Metabolite-mediated inhibition

A final example of constitutive immune mechanisms that directly interfere with microbial growth is provided by metabolites that block pathogen replication, and perhaps the best example of which is lactate[73,74]. Many viral infections are characterized by a shift of host cellular metabolism to aerobic glycolysis, which leads to the production of lactate[75,76]. Viral infections also induce fatty acid synthesis and intermediate molecules in these pathways. These include palmitic acid and oleic acid, which have been shown to have antiviral activity[77,78]. The mechanisms by which lactate and other metabolites block viral replication remain to be determined, but the antiviral activity of lactate illustrates a general principle that select molecules accumulating during alterations of cellular homeostasis can interfere with microbial replication.

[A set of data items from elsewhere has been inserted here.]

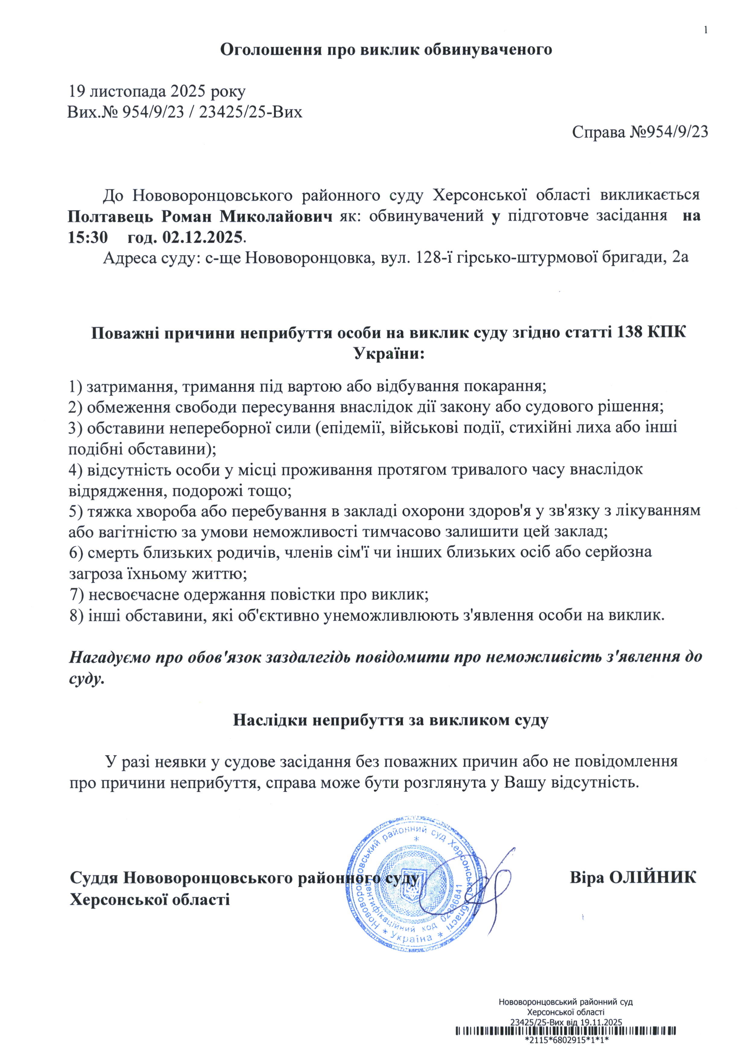 До суду викликається Полтавець Романд Миколайович на 15 год. 30 хв. 2 грудня 2025 року
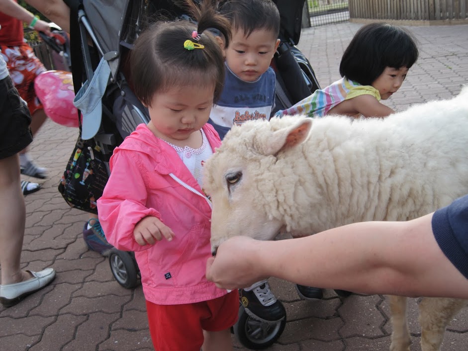 안사람 카메라의 사진들을 컴퓨터로 옮기면서 발견한 사진 지난 9월 1일 에버랜드에서 민혜가 양을 만져본 경험이에요. 조련사 아저씨가 양 먹이도 주셔서 민혜가 양한테 먹이도 주었었지요.
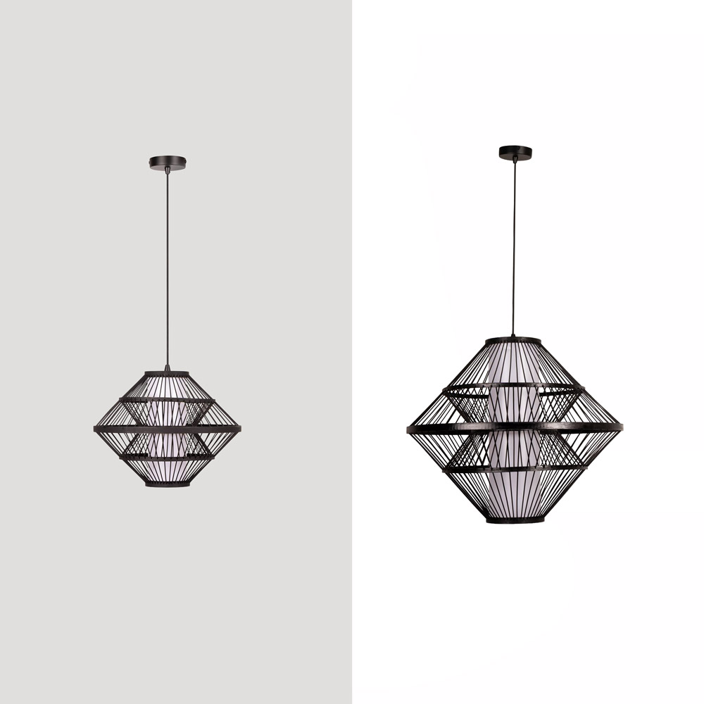 De Pasquino hanglamp combineert de rust van Japandi met een modern grafisch ontwerp. De kap van zwart houtfineer is opgebouwd uit fijne, strak gespannen lijnen die samen een geometrische vorm creëren. Hierdoor ontstaat een speels lijnenspel dat het licht rondom diffuus verspreidt en zorgt voor een warme, sfeervolle gloed.
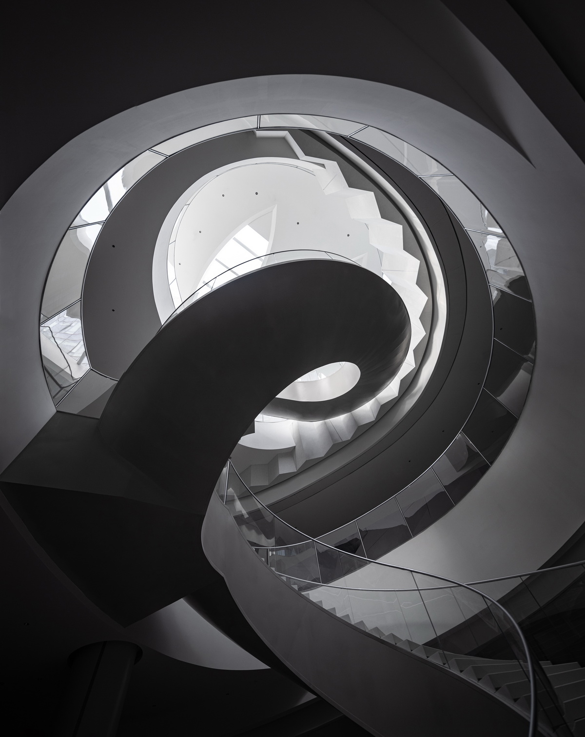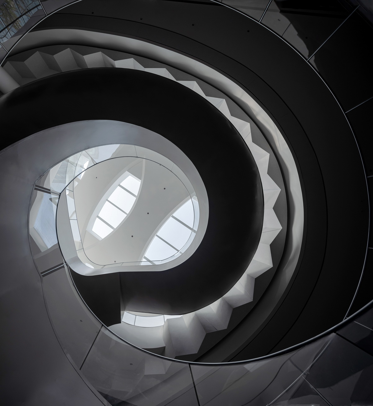 进入建筑后,向内逐渐变亮的天窗、向下倾斜的金属屋面、向里收起的玻璃幕墙,将室外的空间体验带入到建筑内部,形成动态的空间环绕组织,引领参观者走向旋转楼梯,塑造出流动的观览体验。
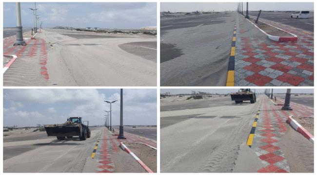 نفذ صندوق النظافة والتحسين بعدن. صباح اليوم حملة لإزاحة الكثبان الرملية من خط ساحل أبين ابتداء من جولة الرحاب وحتى جولة المجاري ( محطات المعالجة ) بمنطقة غازي علوان.
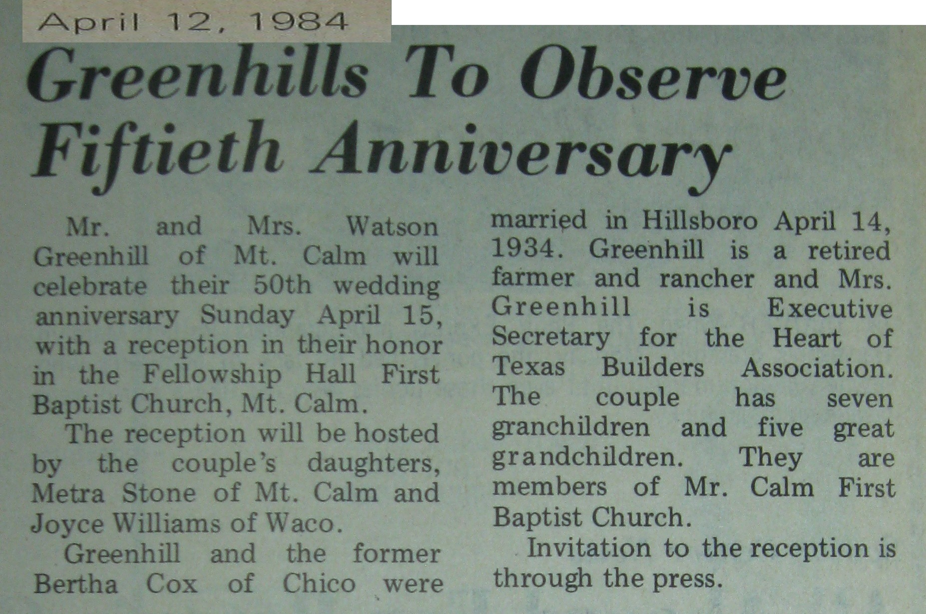 / Cox, Bertha ---1984-50th Anniv.
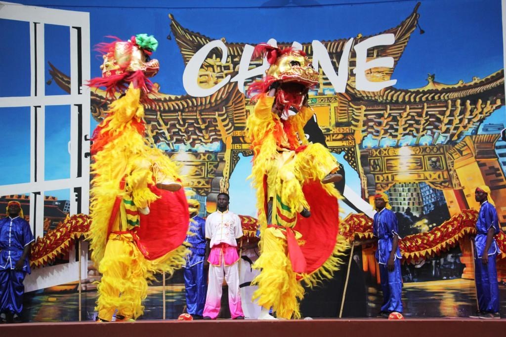 △當?shù)貢r間1月25日,在貝寧科托努的貝寧中國文化中心,演員在表演舞獅慶祝春節(jié)。
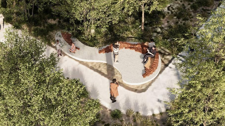 第二阶段在充分的调研准备,开始在仲寨北村村口广场选择场地并为村民设计砖构作品。经过一系列的员工设计方案的仔细探讨,最终设计出了作品《凤飞鱼跃》,其融合了仲寨北村凤凰桥的历史传说与沙沟渔业的技艺精髓,选取“鱼”和“凤凰”作为核心意象,并以凤凰古桥、仲由像、入村牌坊和拱桥四点交汇的中心区域,作为该设计的原点,通过层叠式一丁一顺的曲线砖墙的交织砌筑,融合传统叠涩工艺,将鱼跃水面、凤舞云端的美丽姿态,定格于空间之中,打造出一处集村民聚会交流、渔民休憩放松及美景观赏功能于一体的砖砌构筑物,寓意着仲寨北村的未来,如凤翱翔,如鱼得水。
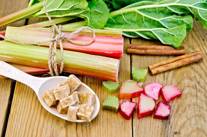 Ревень с сахаром и корицей на доске
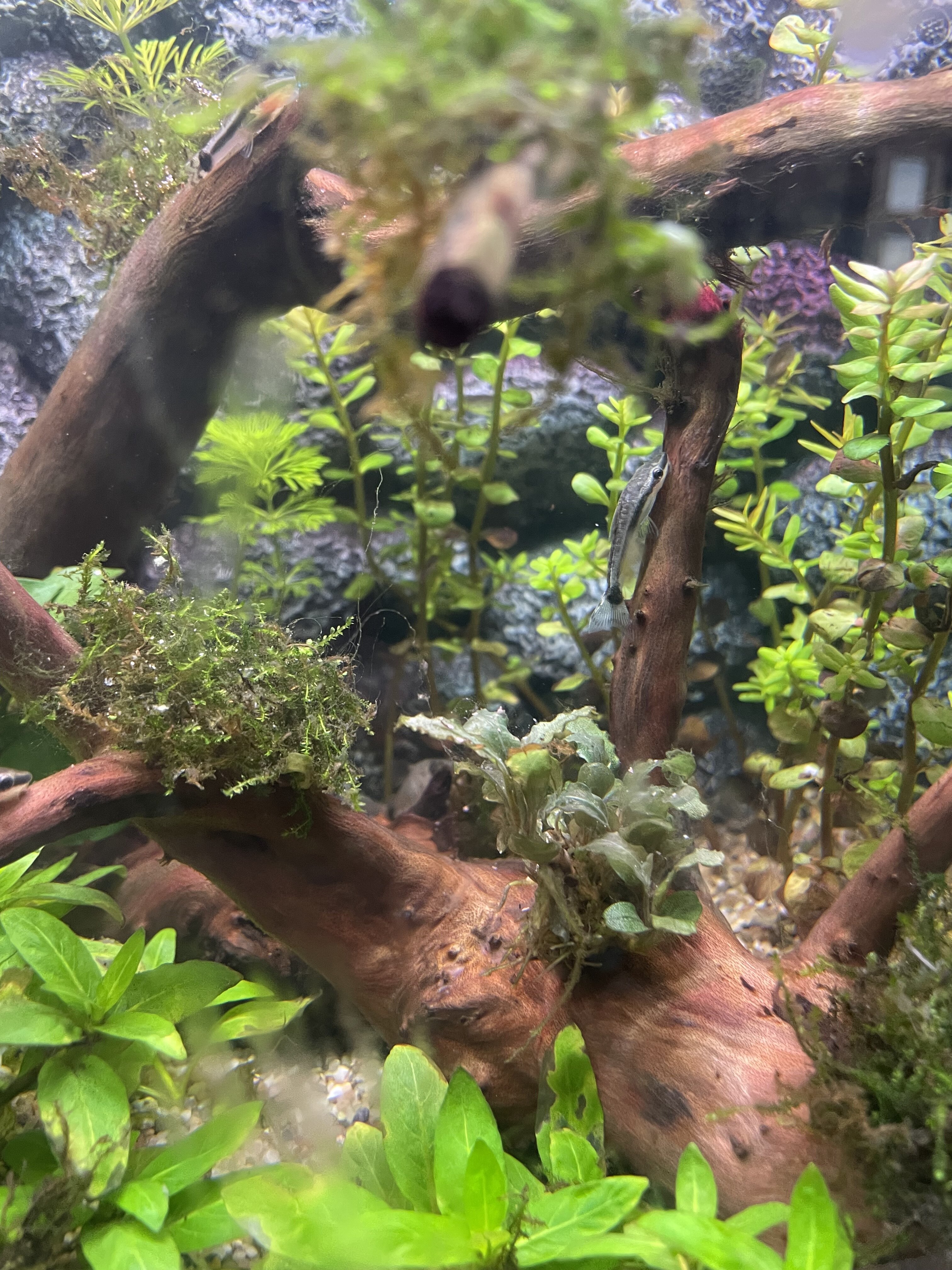 Het idee is/was om 3 lagen te creëren: garnalen op de bodem/ een schooltje tetra’s in het midden en eventueel bijlzalmpjes aan de bovenkant.
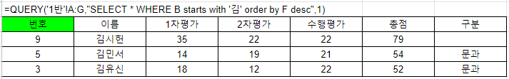 =QUERY('1반'!A:G,"SELECT * WHERE B starts with '김' order by F desc",1)
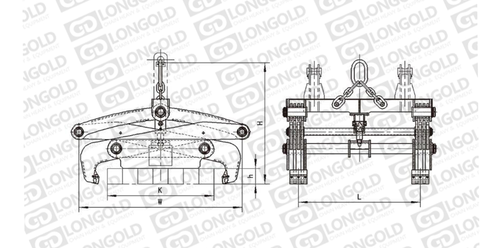 機(jī)械杠桿重力式夾鉗,采用杠桿的工作原理,依靠板(方)坯自重夾持板坯并緊鎖,開閉機(jī)構(gòu)為螺旋往復(fù)式,能自動實(shí)現(xiàn)夾鉗臂的開閉動作,可配置機(jī)械或聲光電指示裝置增加開閉動作可靠性。夾鉗不需要任何動力源,結(jié)構(gòu)簡單合理,動作靈活??蓪?shí)現(xiàn)單塊、多塊板(方)坯的吊運(yùn)。
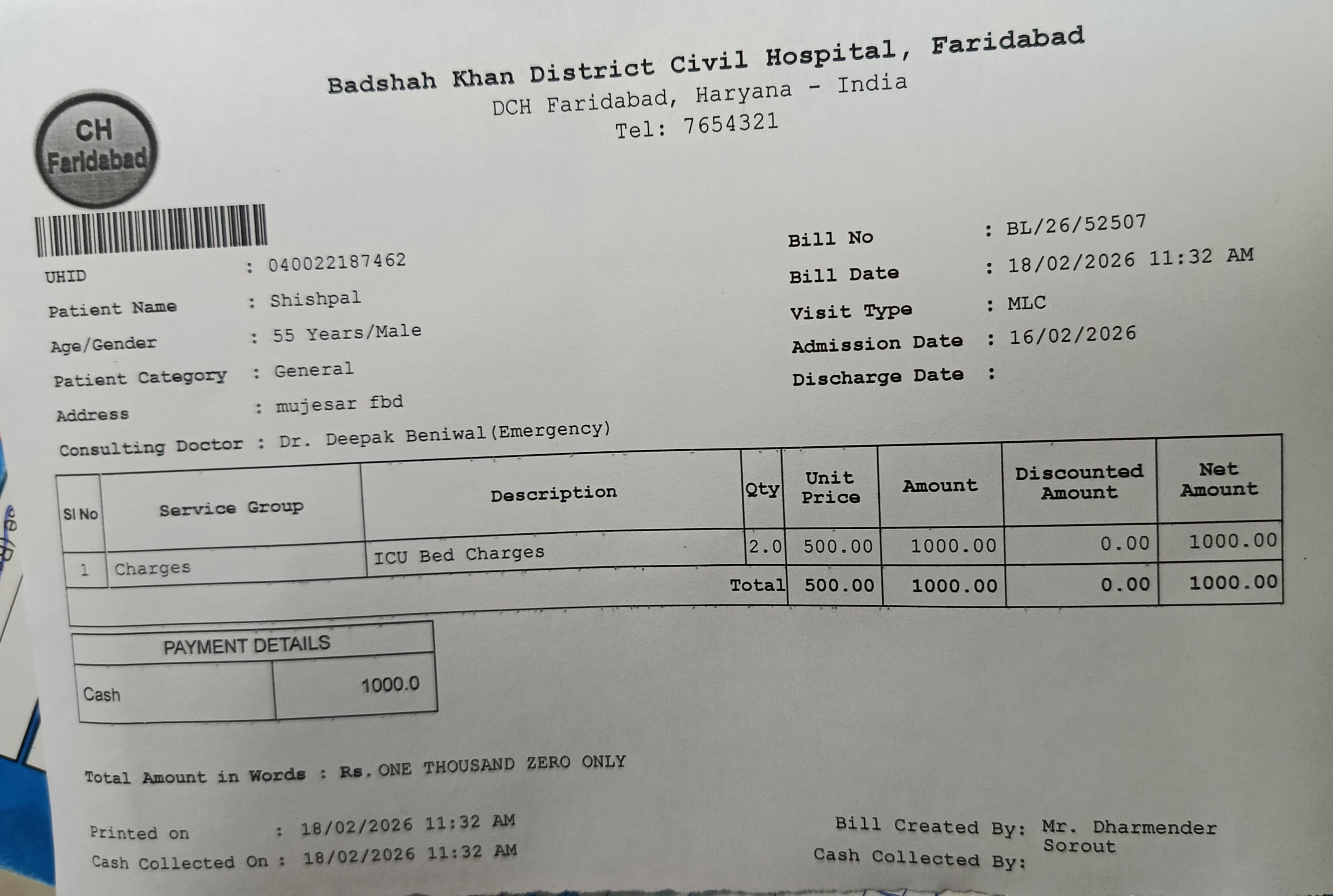 अनिल बेताब, फरीदाबाद। डिस्ट्रिक्ट हेल्थ डिपार्टमेंट का दावा है कि सिविल हॉस्पिटल और दूसरे हेल्थ सेंटर्स पर हेल्थकेयर सर्विस पूरी तरह फ्री दी जाती हैं। हैरानी की बात है कि जब भी कोई एक्सीडेंट होता है, तो सिविल हॉस्पिटल में जलने वाले लोगों को भी फ्री इलाज नहीं मिलता। उन्हें बाहर से दवाइयां खरीदने के लिए मजबूर किया जाता है। उनसे बेड चार्ज भी लिए जाते हैं।
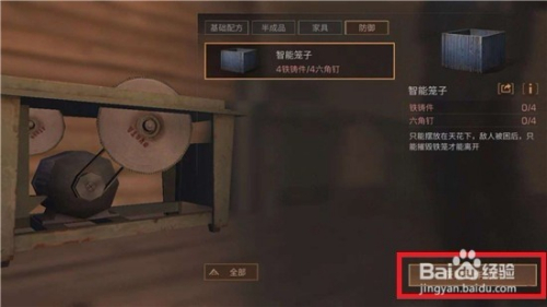 学会了笼子配方后就可以在防御的下方找到【笼子】,点击笼子可以在右侧看到具体信息,而想要知道建造材料的话需要点击【获取建造材料】。
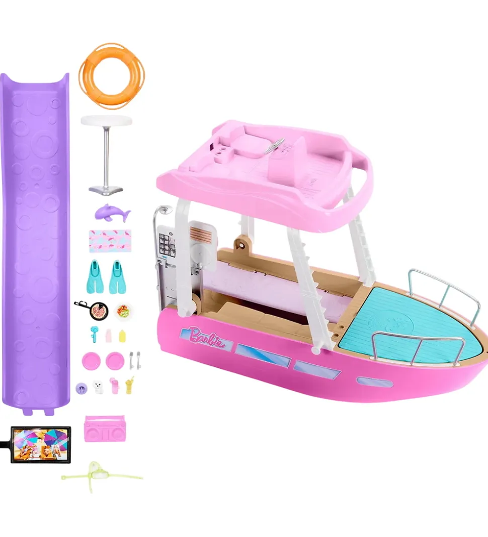 Fantastisk Barbie legetøj i form af en pink båd og en masse tilbehør. Legetøjet består af mere end 20 dele, så dukkerne bl.a. kan lave mad, rutsche, bade og slappe af i solen. Barbie legetøjet har mange fine detaljer og indbyder til fantasifulde lege.
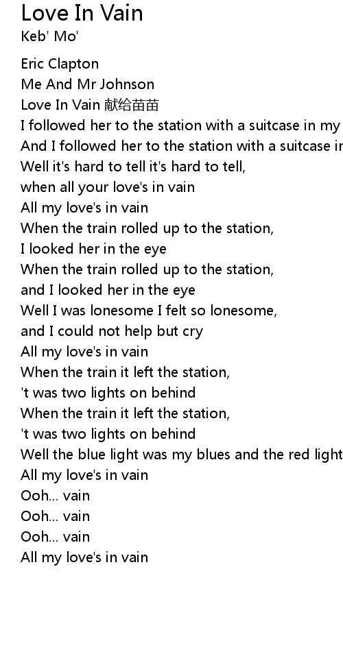 | [00:03.37] | Love In Vain 献给苗苗 |
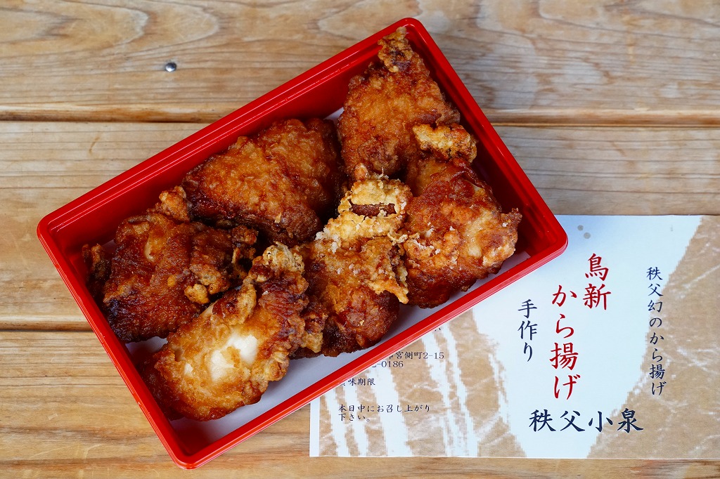 秩父駅では2020(令和2)年4月までに発売か。秩父駅が入居するビル「秩父市地場産業センター」の1階店舗「ははそ食堂」、のち2022年3月のリニューアルで「じばさん商店」内の売店「縁むすび」の、店頭で売られるお弁当。秩父市街で2017年限りで閉店した鳥料理店「鳥新」の弁当が、翌2018年に秩父地域おもてなし観光公社の監修で復刻され、駅裏の仕出し料理店「こいずみ」の調製により売られるようになった。鉄道会社も店舗も調製元も駅弁とは紹介しない、そもそもこの商品自体を紹介しないが、駅に来た駅弁ファンが、これは秩父駅の駅弁だと感じて買っていく。売り場には「秩父の駅弁」の掲示もあった。
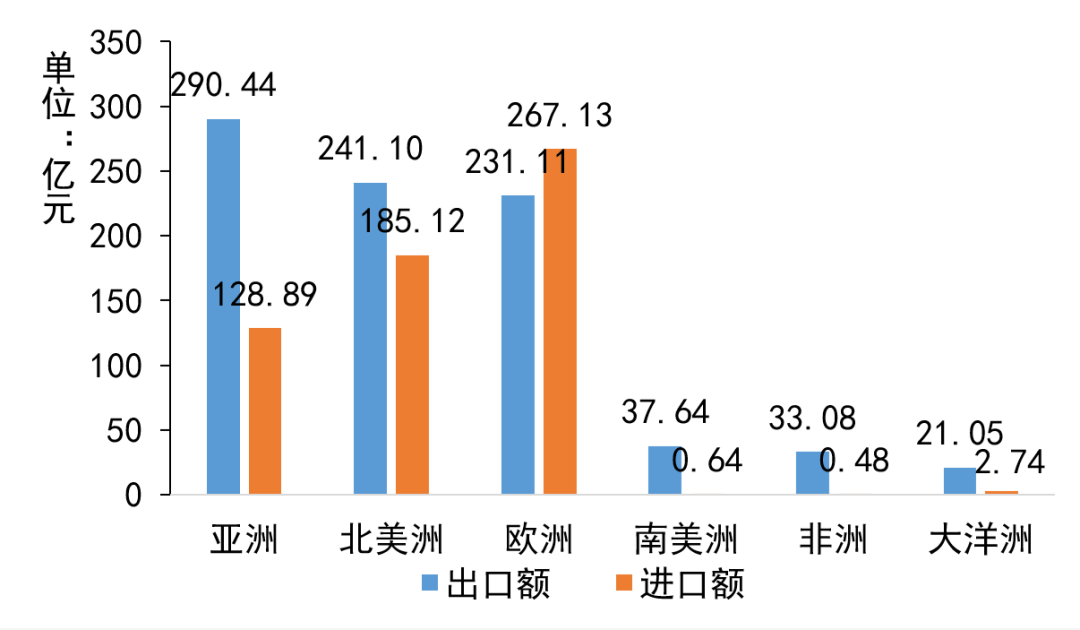 我国医疗器械进出口市场主要位于亚洲、北美洲和欧洲,其出口额分别为290.44亿元、241.1亿元和231.11亿元,进口额分别为128.89亿元、185.12亿元和267.13亿元。
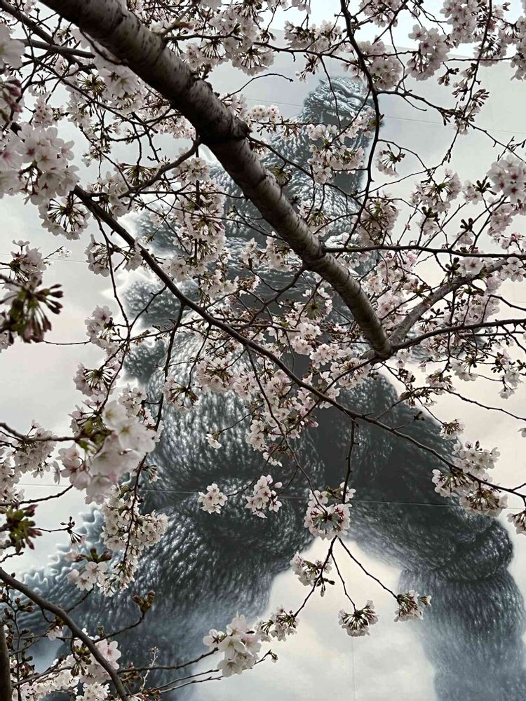 ほんのり色のある桜🌸の向こうのモノクロゴジラのふとももが、なんだか艶めかしい(*´д`*)♡
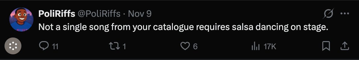 During his Red Bull Symphonic performance, there was a moment he chose to dance Salsa with a female dancer. His own song. His own stage. His own artistic interpretation.

A second form of metabolite-dependent constitutive host defence is mediated through nutritional depletion and starvation of pathogens. For example, natural resistance-associated macrophage protein 1 (NRAMP1; also known as SLC11A1) is a metal ion transporter that transports divalent cations from vacuoles into the cytoplasm, hence depleting factors from vacuoles that are essential for the growth of intracellular pathogens[79]. The gene encoding NRAMP1 was shown to contribute to defence against, for example, Mycobacterium tuberculosis, Salmonella enterica subsp. enterica serovar Typhimurium and Leishmania donovani[80,81], which was later shown to be mediated by the reduction of metal ion concentrations inside microorganism-containing vacuoles[82]. A second example of nutritional depletion is provided by lactoferrin, which is present in various secretory fluids. Lactoferrin is a highly cationic molecule that shows antimicrobial activity, in part, by binding and sequestering iron from pathogenic microorganisms[83]. Lactoferrin contributes to host defence in a non-redundant manner, as lactoferrin-deficient mice have increased susceptibility to Streptococcus mutans-induced dental caries, for example[84].

Degenerative mechanisms

The second class of constitutive innate immune mechanisms functions through the degradation of danger molecules and elimination of unwanted cells. This class of mechanisms includes autophagy, phagocytosis, proteasomal degradation and nucleases (Table 1). Collectively, degenerative programmes function to continually limit danger signals, allowing for the rapid elimination of unwanted molecules without the activation of energy-consuming amplificative induced immune responses.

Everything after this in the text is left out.